Parole gravissime, ma necessarie. Un’accusa frontale contro il sistema geopolitico che oggi permette e alimenta guerre, bombardamenti, genocidi, con la complicità di governi che preferiscono il silenzio o la retorica della neutralità. Petro non si ferma qui:

“Dalla NATO dobbiamo uscire, non c’è altra strada. La relazione con l’Europa non può più passare attraverso governi che tradiscono il loro popolo e stanno aiutando a lanciare bombe sui bambini.”

Il 16 luglio scorso, a Bogotà, si è tenuto un vertice storico: il Gruppo dell’Aja, convocato proprio da Petro insieme al Presidente sudafricano Cyril Ramaphosa. Dodici nazioni, Bolivia, Cuba, Colombia, Indonesia Iraq, Libia, Malesia, Namibia, Nicaragua, Oman, San Vincente, Grenadine e Sudafrica vi hanno partecipato e hanno concordato “misure senza precedenti” per fermare il genocidio in corso a Gaza.

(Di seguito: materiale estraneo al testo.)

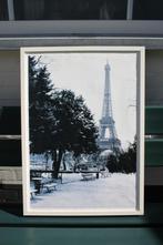 Zwart/wit poster in witte kader. Foto met zicht op de eifeltoren. Afmetingen 74 cm hoog en 52 cm breed.

La dichiarazione finale è un atto di accusa diretto e concreto:

  • Embargo sulle armi dirette a Israele
  • Divieto di attracco nei porti alle navi che trasportano armi destinate a Israele
  • Revisione degli appalti pubblici che sostengono l’occupazione israeliana
  • Assunzione di responsabilità per i crimini internazionali più gravi
  • Sostegno all’azione penale contro i criminali di guerra israeliani

È un passo epocale, non solo sul piano simbolico, ma anche sul piano politico e giuridico. L’Italia? Invitata, ma assente. Le nostre istituzioni, ancora una volta, voltano lo sguardo. A rappresentare il nostro Paese c’era solo Francesca Albanese, relatrice ONU per i diritti umani nei territori palestinesi, lasciata sola dalle istituzioni italiane, ma non dalla stima di chi continua a sostenerla. Nel suo intervento ha ringraziato con forza chi non la fa sentire abbandonata.

In un’epoca di confusione morale, dove si scambia la complicità per diplomazia e l’ignavia per equilibrio, la voce del Presidente Petro rompe il silenzio e costringe a scegliere: o si è dalla parte dell’umanità, o dalla parte di chi la bombarda.

Queste parole sono scomode. Sono forti. Ma sono necessarie. E devono risuonare ovunque.